Wednesday, November 18, 2009

Easy File System Path Manipulation in C#

I came across this type-safe module for handling file paths in the Haskell subreddit this week, and thought it looked kind of neat. Handling paths as strings, even with System.IO.Path always bugged me.

So I created a close C# equivalent of the Haskell type and added it to the Sasa library, to be available in the upcoming v0.9.3 release:
public struct FsPath : IEnumerable<string>, IEnumerable
{
public FsPath(IEnumerable<string> parts);
public FsPath(string path);

public static FsPath operator /(FsPath path1, FsPath path2);
public static FsPath operator /(FsPath path, IEnumerable<string> parts);
public static FsPath operator /(FsPath path, string part);
public static FsPath operator /(FsPath path, string[] parts);
public static FsPath operator /(IEnumerable<string> parts, FsPath path);
public static FsPath operator /(string part, FsPath path);
public static FsPath operator /(string[] parts, FsPath path);
public static implicit operator FsPath(string path);

public FsPath Combine(FsPath file);
public IEnumerator<string> GetEnumerator();
public static FsPath Root(string root);
public override string ToString();
}

The above is just the interface, minus the comments which you can see at the above svn link. This struct tracks path components for you and C#'s operator overloading lets you specify paths declaratively without worrying about combining paths with proper separator characters, etc.:
FsPath root = "/foo/bar";
var baz = root / "blam" / "baz";
var etc = FsPath.Root("/etc/");
var passwd = etc / "passwd";

The library will generate path strings using the platform's directory separator.

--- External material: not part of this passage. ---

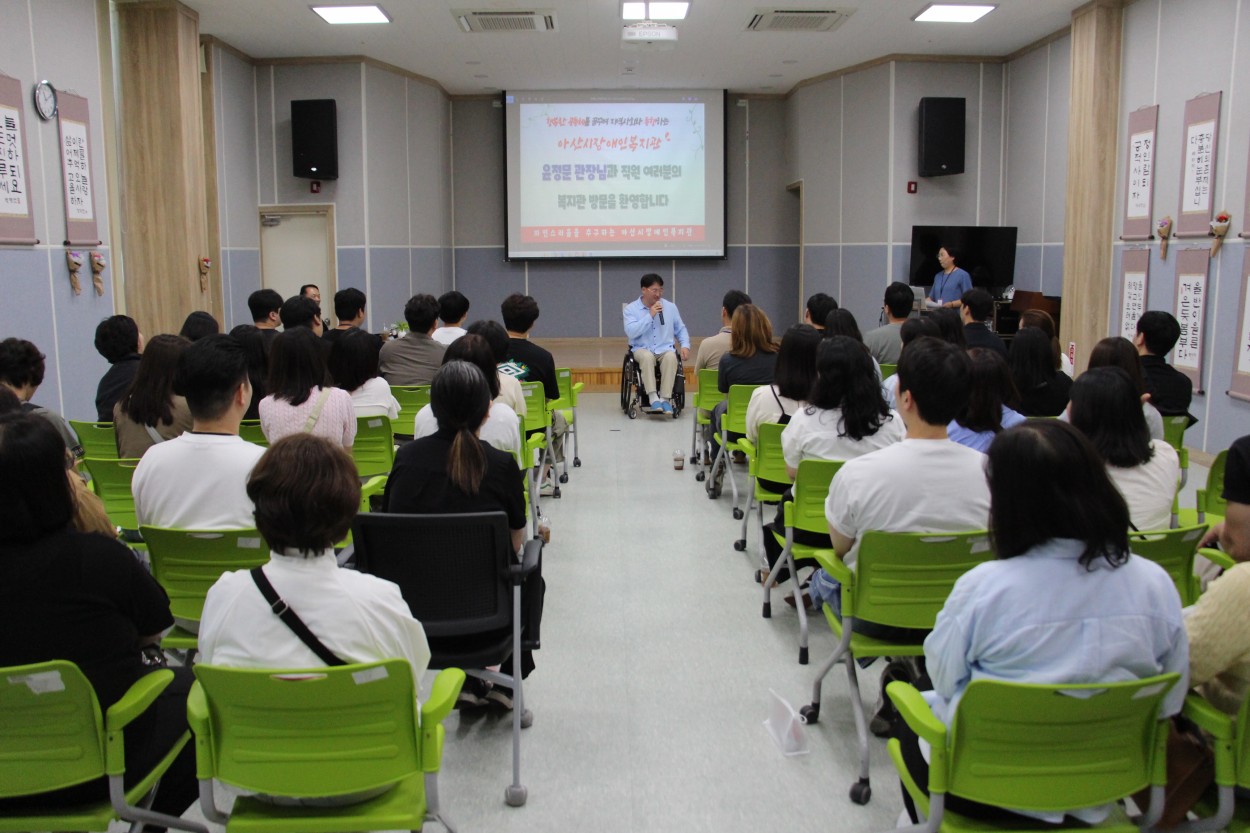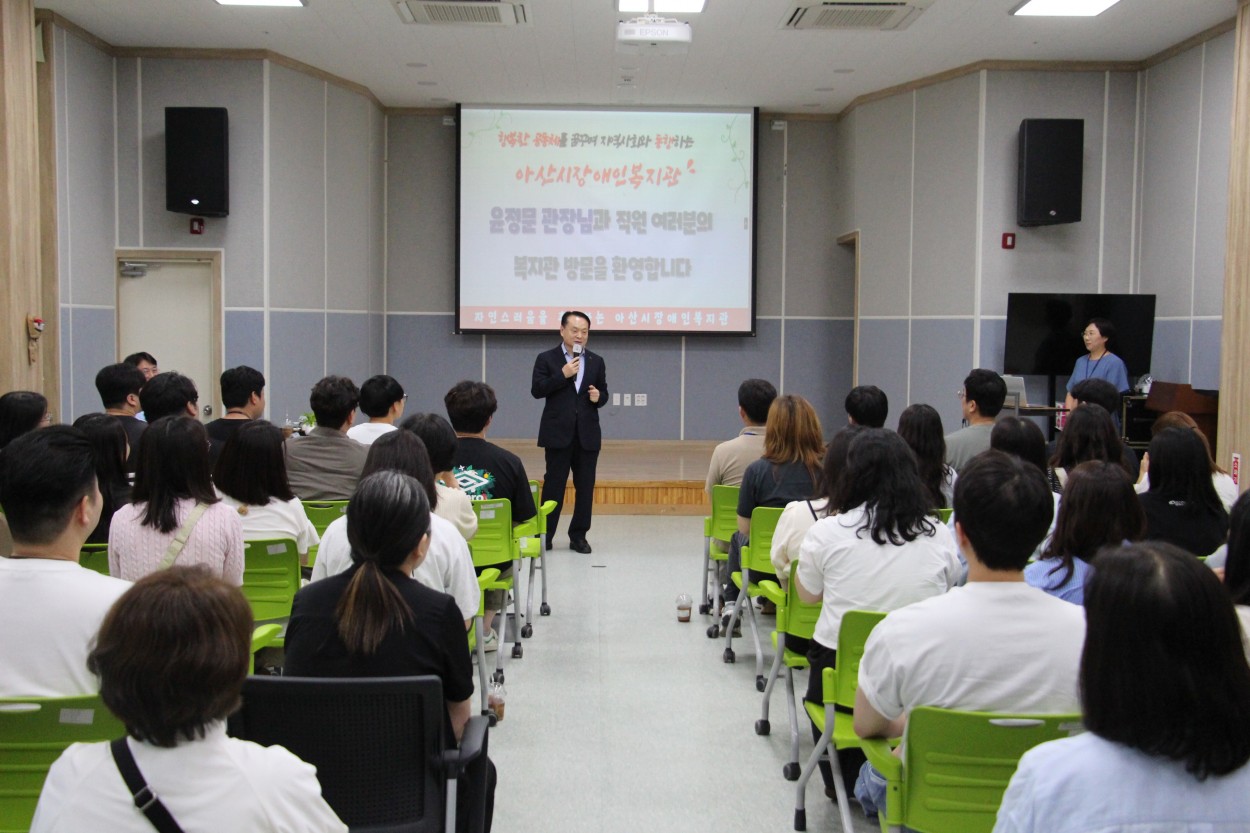 아산시장애인복지관에서 우리복지관 방문 복지관 0 746 2025.07.04 16:08 2025년 6월 26일 아산시장애인복지관 윤정문 관장님및 50여명의 직원이 우리복지관을 방문하여 정보 교류 및 시설 견학을 진행하였습니다. 앞으로도 지속적인 교류를 통해 더 나은 복지서비스를 함께 만들어가겠습니다.

One significant departure from the Haskell library is the lack of phantom types used to distinguish the various combinations of relative/absolute and file/directory paths. C# can express these same constraints, but I intentionally left them out for two reasons:
  1. The type safety provided by the file/directory phantom type is rather limited, since it's only an alleged file/directory path; you have to consult the file system to determine whether the alleged type is actually true. The only minor advantage to specifying this in a path type, is as a form of documentation to users of your library that you expect a file path in a particular method, and not a directory path. I could be convinced to add it for this reason.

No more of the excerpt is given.